- _Work task_
A verbatim reproduction of the following listing is required; omit the pictures.

- _The data_
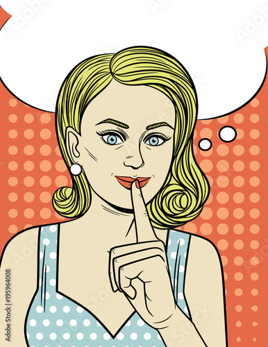 Vector illustration of woman showing his left hand with manicure and holding red nail polish in right hand. Retro pop art comic style. Speech bubble.
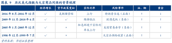 通常来说,由于大宗商品以美元定价,因此历史上与美元指数的走势往往负相关,即美元上行阶段大宗商品走势偏弱。但通过复盘过去20年美元指数与大宗商品的走势,可以看到在特定的宏观背景下,存在美元与大宗同涨的可能。即:大宗商品走势的核心在于经济基本面,如果基本面带来大宗商品需求端旺盛,则大宗商品牛市不会因美元指数上行而终止。而黄金走势的核心在于实际利率,不论货币政策是否宽松,只要实际利率走势偏弱,黄金也可与美元同涨。
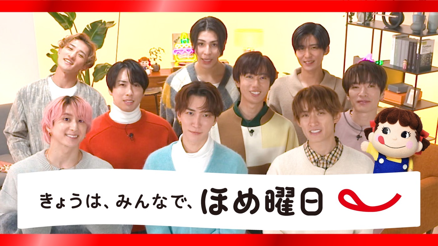 また、新CMのオンエア開始にあわせて、1月22日より不二家洋菓子店公式YouTubeチャンネルではWebムービーを公開。Snow Manが、CMのテーマ「ほめ曜日」にちなみ、CMにも登場する“ほめペコ”になりきって、いつも頑張っているメンバーに褒め言葉を贈る企画「Snow Manのきょうは、みんなで、ほめ曜日」にチャレンジしている。CMとはひと味違った9人の魅力溢れるWebムービーにも注目だ。

- _Expected answer_
 Vector illustration of woman showing his left hand with manicure and holding red nail polish in right hand. Retro pop art comic style. Speech bubble.
 通常来说,由于大宗商品以美元定价,因此历史上与美元指数的走势往往负相关,即美元上行阶段大宗商品走势偏弱。但通过复盘过去20年美元指数与大宗商品的走势,可以看到在特定的宏观背景下,存在美元与大宗同涨的可能。即:大宗商品走势的核心在于经济基本面,如果基本面带来大宗商品需求端旺盛,则大宗商品牛市不会因美元指数上行而终止。而黄金走势的核心在于实际利率,不论货币政策是否宽松,只要实际利率走势偏弱,黄金也可与美元同涨。
 また、新CMのオンエア開始にあわせて、1月22日より不二家洋菓子店公式YouTubeチャンネルではWebムービーを公開。Snow Manが、CMのテーマ「ほめ曜日」にちなみ、CMにも登場する“ほめペコ”になりきって、いつも頑張っているメンバーに褒め言葉を贈る企画「Snow Manのきょうは、みんなで、ほめ曜日」にチャレンジしている。CMとはひと味違った9人の魅力溢れるWebムービーにも注目だ。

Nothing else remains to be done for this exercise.